----- Data for review -----
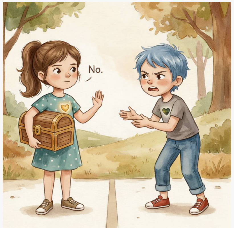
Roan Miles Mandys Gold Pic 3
-----
----- Data for review -----
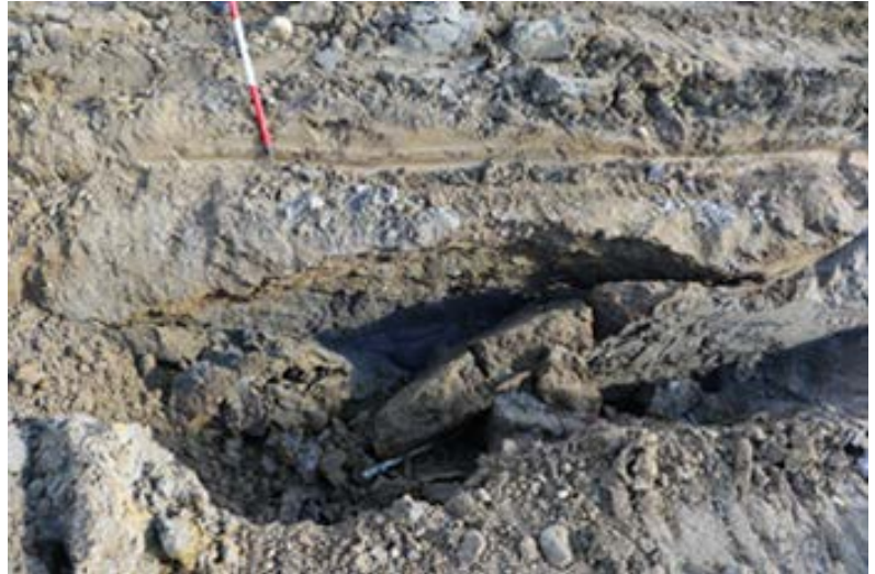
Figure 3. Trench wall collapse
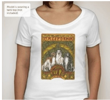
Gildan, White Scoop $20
-----
----- Data for review -----
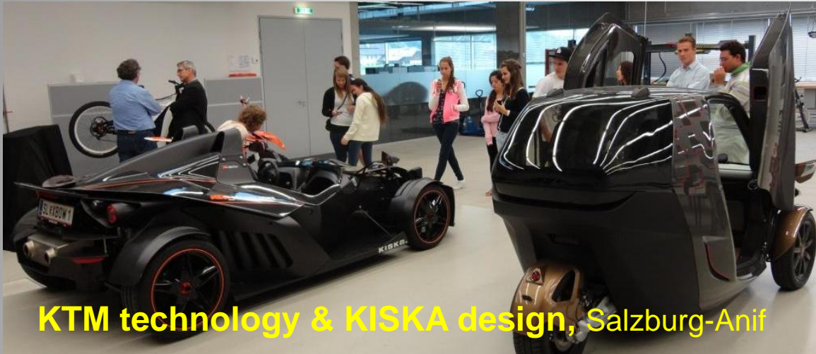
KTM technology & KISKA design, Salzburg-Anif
-----
**About this task:** Transcribe, word for word, the stretch of lines in the data above from the one with "Figure 3. Trench wall collapse" through the one with "Gildan, White Scoop $20"; omit all pictures.

**Exercise response:**
Figure 3. Trench wall collapse
Gildan, White Scoop $20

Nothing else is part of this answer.